Southern Transylvania was a region of the Kingdom of Romania between 1940 and 1944, during World War II. The region of Transylvania, belonging entirely to Romania when the war started in 1939, was split in 1940 between Romania and Hungary, with the latter taking Northern Transylvania in the aftermath of the Second Vienna Award.

Overview
Timișoara was the largest city in Southern Transylvania, with a population of 116,878 as of April 1941. However, this city was located in the Banat sub-region. The largest city in Southern Transylvania-proper was Brașov, with a population of 84,557 as of April 1941. Southern Transylvania-proper had a population of just over 1.74 million people. 

Southern Transylvania (including its adjacent regions to its West) had a total area of 59,000 square kilometers.
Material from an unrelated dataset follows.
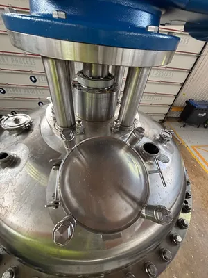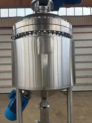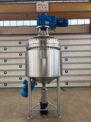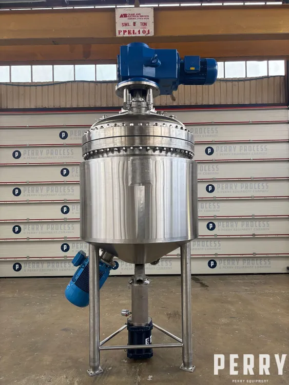 Unused Briggs of Burton process vessel made from approximately 1,200 liters of 316/316L stainless steel. The unit measures approximately 1,200 mm in diameter x 870 mm smooth side height. The unit has a screwed domed top lid and a welded hemispherical bottom. Internal design for 10 bar / full vacuum pressure at -20 to 210 °C. External jacket made of 304/304L stainless steel, jacket cooled, design protected for 10 bar / full vacuum pressure at -20 to 210 °C. The unit is equipped with a top-mounted, gate-like agitator made of 316/316L stainless steel with PTFE wall scrapers, driven by an 11 kW motor/gearbox. The unit includes a bottom-mounted Silverson model BE600 emulsifier made of 316/316L stainless steel, driven by a 22 kW motor. The unit is mounted on 304/304L stainless steel legs.

Subtracting from this area the areas of the five counties to its West: Timiș-Torontal (7,600 square km), Caraș (4,693), Severin (6,422 square km), Arad (6,248 square km) and the half of Bihor (~3,700 square km) which remained in Romania after the Second Vienna Award, the area of Southern Transylvania-proper amounted to just over 30,000 square km.

Armaments industry

The following is a list of weapons produced during World War II and the years prior throughout the Romanian (Southern) part of Transylvania-proper.

Weapons

Transylvanian monthly armament production (October 1942)

Aircraft (armed)
IAR 80 (448 built)
IAR 37 (220 built)
IAR 79/SM.79 (67 built) 
Potez 25 (184 built)
Messerschmitt Bf 109 (17 built)
PZL P.11 (95 built)
PZL P.24 (25 built)

Ammunition
There were factories for the assembly and filling of artillery shells at Orăștie, Avrig and Copșa Mică. The one at Avrig was the largest, accounting for up to 40% of the total Romanian production of artillery shells. In 1942, the Nitramonia plant in Făgăraș started producing explosives.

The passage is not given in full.